Not all musicians want to be pop stars. Funnily enough.
Paging Dr. Freud
The BBC stage where they do interviews and the odd musical performance is a TV studio on site, complete with outdoor and indoor stages and lots of wooden mushrooms (paging Dr. Freud), all very psychedelic and grrrrooovy. We play outside since the sun just decided to honour our presence and came out from behind the clouds to bathe us in its glow. It’s actually steaming hot now, and all the rain is evaporating.
Then it’s back to the Park Stage to get down to some setting up and soundchecking, which we shake back in the Land Rover to do. It is funny to watch a little sunshine making a big difference in the way a crowd looks as we drive through the grounds. The drummer and singer from Supergrass are playing before us on the Park Stage with a friend of theirs on bass doing cover versions of 80´s pop stuff. They are having fun but I’m finding it rather sad. I’m not big on 80´s nostalgia; I was there and like to remember it like it was.
There is a changeover while our stuff is rolled onstage and plugged in and I’m trying to talk to the monitor engineer who says a lot of yes, but I have this hollow feeling he is really not listening to what I’m saying. Poor man must have a lot to do or so it seems.
It’s now just past five and we are going on stage at 5.15.
The monitors take a while getting ready, but finally we are on stage and the crowd gathers to hear; the bowl in front of the stage fills up with people. The set starts off pretty easy but soon picks up and ends with a bang and it’s over… we’re off stage and it’s all over with. Much like teen sex, I’m told.
No hate in my heart
Now is the hard part – packing up after festival – because behind the curtains are risers with drums and keyboards that have to be stripped post haste for next band. This operation is still a one-roadie thing, so I am packing drums while sweating like a pig after the show. No wailing groupies waiting backstage with drugs and debauchery. Now that would be hard work. This is easy.
They do have a charming backstage bar at the Park Stage where they serve up some good local ale, so I am feeling rather perky when we trek on down the muddy path all the way to the Pyramid Stage to see Neil Young at 10 o’clock.
For some odd reason it is way past ten when we get there and Neil has been playing for a while.
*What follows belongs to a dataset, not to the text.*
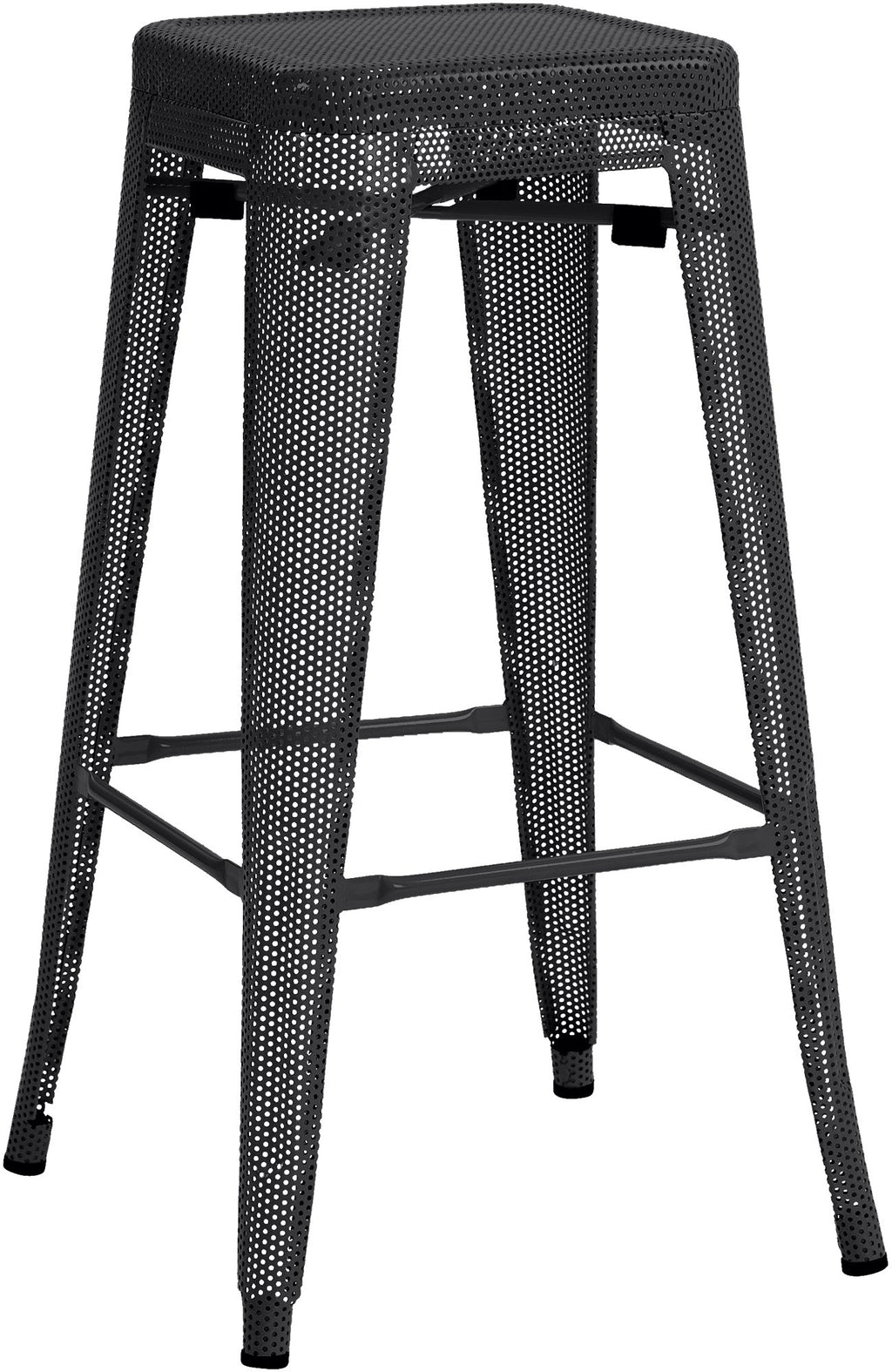 Equipped with a perforated metal frame, this stool combines visual lightness with stability and supports a load capacity of up to 120 kg. It also offers a footrest for improved seating comfort. It is stackable and is therefore particularly suitable for places with limited space. The seat height is 77 cm, which means it fits under every bar and high table. Floor protectors are included to protect floors from scratches and ensure stability. The material of the stool is easy to maintain, making it a practical piece of furniture for everyday use, both in the home and in the catering sector. Its industrial design fits into modern furnishing styles.

Good thing he got warmed up for our critical ears… Not quite, we hang on to every word he says and are singing along to most of his tunes except of course the ten minute guitar solos in 11 time. Well, I do remember singing along to that as well. You see, by this time my resolve towards the damn festival ghost had all but dissolved and I was, dare I say, having a blast and when Neil did Heart of Gold for his encore, it was an unexplainable phenomena to be part of that sea of people on a very communal high. At that moment I really felt that I GOT the festival vibe, and some. No hate anywhere in my heart.
Virtually cured of my sarcasm, I made quite a few new friends that night after the Neil Young show. I don’t hate this place at all.
I actually managed to catch my cab at 6 in the morning, the train back to London and the plane back to Iceland, which was, I’m not sorry to say, close to a miracle.
Sigtryggur Baldursson is a legendary Icelandic drummer. He’s beaten skins for The Sugarcubes, Þeyr, KUKL and several other awesome bands. He also performs as sarcastic dandy Bogomil Font.